What's needed is the listing below, repeated word for word with no pictures.

PROVIDED MATERIAL -
━━━

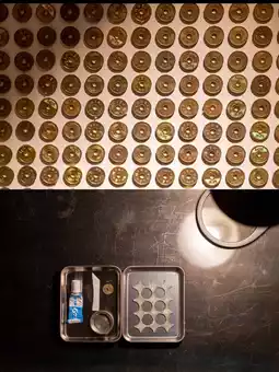 Concept: A golden wall of 5-yen coins. The 5-yen coin serves as a symbol of faith at shrines and temples. Ohira created a room in Kyoto, a city famous for its many shrines and temples, where the 5-yen coin and "fate" are connected. Ohira hopes to foster connections with past, present, and future guests and add to the hotel's history.
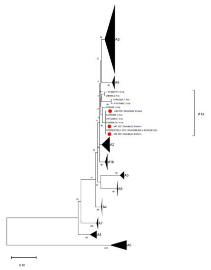 All cloacal swabs from the layer farms tested negative for IBDV, whereas 3 out of 8 bursa imprint pools from the broiler farm (1/16 farms, 6.25%) were positive for IBDV, resulting in highly similar sequences (99.8–100% identity) to the Winterfield-2512 vaccine strain (reference strain MH329181.1), belonging to the classical/virulent genogroup A1a [34] (Figure 3). According to the declared vaccination strategy of the farm, this strain was used for the bird immunizations.
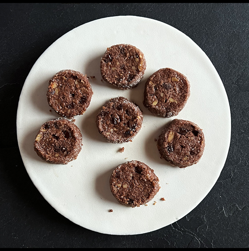 原材料 小麦粉【小麦(埼玉県産)】、無塩バター、アーモンドパウダー、砂糖(甜菜)、有機くるみ、有機ココアパウダー、有機チョコチップ、岩塩、(一部に小麦、乳成分、くるみを含む)

━━━

ANSWER TO THIS TASK -
 Concept: A golden wall of 5-yen coins. The 5-yen coin serves as a symbol of faith at shrines and temples. Ohira created a room in Kyoto, a city famous for its many shrines and temples, where the 5-yen coin and "fate" are connected. Ohira hopes to foster connections with past, present, and future guests and add to the hotel's history.
 All cloacal swabs from the layer farms tested negative for IBDV, whereas 3 out of 8 bursa imprint pools from the broiler farm (1/16 farms, 6.25%) were positive for IBDV, resulting in highly similar sequences (99.8–100% identity) to the Winterfield-2512 vaccine strain (reference strain MH329181.1), belonging to the classical/virulent genogroup A1a [34] (Figure 3). According to the declared vaccination strategy of the farm, this strain was used for the bird immunizations.
 原材料 小麦粉【小麦(埼玉県産)】、無塩バター、アーモンドパウダー、砂糖(甜菜)、有機くるみ、有機ココアパウダー、有機チョコチップ、岩塩、(一部に小麦、乳成分、くるみを含む)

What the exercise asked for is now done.